The industrywide, self-regulatory organization for the U.S. futures industry to develop rules, programs and services that safeguard market integrity, protect investors and help NFA Members meet their regulatory responsibilities.

NFA is an independent regulatory organization with no ties to any specific marketplace financed exclusively from membership dues and from assessment fees paid by the users of the futures markets. Membership in NFA is mandatory for industry participants, assuring that everyone conducting business with the public on the U.S. futures exchanges must adhere to the same high standards of professional conduct.


[edit] Role in the U.S. futures industry

In 1974 Congress established the Commodity Futures Trading Commission (CFTC), a federal regulatory agency with jurisdiction over futures trading. The same legislation authorized the creation of "registered futures associations," giving the futures industry the opportunity to create a nationwide self-regulatory organization.

The CFTC provides government oversight for the entire industry. Each U.S. futures exchange operates as a self-regulatory organization, governing its floor brokers, traders and member firms. NFA regulates every firm or individual who conducts futures trading business with public customers. Although the various regulatory organizations in the futures industry have their own specific areas of authority, together they form a regulatory partnership that oversees all industry participants.

[edit] How NFA Fights Fraud and Abuse

Rigorous registration requirements. NFA thoroughly screens all firms and individuals wishing to do business with the public on any U.S. futures exchange. Applicants must meet stringent fitness requirements, including providing fingerprint cards for background checks. In addition, registrants must pass comprehensive proficiency testing requirements. We also have the authority to deny, revoke, suspend, restrict or condition any firm's or individual's registration.

[edit] Comprehensive compliance rules

Over the years, NFA has adopted stringent rules covering a wide variety of areas such as advertising, telephone solicitations, risk disclosure, discretionary trading, disclosure of fees, minimum capital requirements, reporting and proficiency testing.
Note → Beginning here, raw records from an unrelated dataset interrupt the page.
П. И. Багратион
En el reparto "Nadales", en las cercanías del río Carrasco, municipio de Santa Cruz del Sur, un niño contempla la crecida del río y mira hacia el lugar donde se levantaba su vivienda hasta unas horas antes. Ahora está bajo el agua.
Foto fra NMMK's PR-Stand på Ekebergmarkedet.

Just as importantly, we perform audits and examinations of our Members to monitor compliance with those rules. We also conduct financial surveillance to enforce compliance with NFA's financial requirements.
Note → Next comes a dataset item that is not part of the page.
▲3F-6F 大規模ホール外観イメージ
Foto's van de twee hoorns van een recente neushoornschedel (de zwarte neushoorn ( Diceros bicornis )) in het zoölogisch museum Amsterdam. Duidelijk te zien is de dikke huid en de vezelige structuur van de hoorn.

[edit] Strong enforcement authority

NFA has the authority to take disciplinary actions against any firm or individual who violates its rules, ranging from Warning Letters for minor rule infractions to formal Complaints in cases where rule violations warrant prosecution. Penalties resulting from Complaints include expulsion, suspension for a fixed period, prohibition from future association with any NFA Member, censure, reprimand and a fine of up to $250,000 per violation. NFA often collaborates with the CFTC, the FBI and other law enforcement agencies to ensure successful prosecutions.

[edit] Trade practice and market surveillance

The futures industry has changed dramatically in the past few years. Long-established methods of trading, such as open-outcry, have given way to electronic trading at both traditional and new all-electronic exchanges. NFA provides a variety of regulatory services and programs to electronic exchanges to ensure the fair treatment of customers and to maintain orderly markets.

[edit] Dispute Resolution

Disputes occasionally occur in any business, and the futures industry is no exception. In 1983, NFA began an arbitration program, providing a convenient, inexpensive and prompt method for investors to resolve futures-related disputes. Since that time, NFA arbitration has become the primary venue for dispute resolution in the futures industry.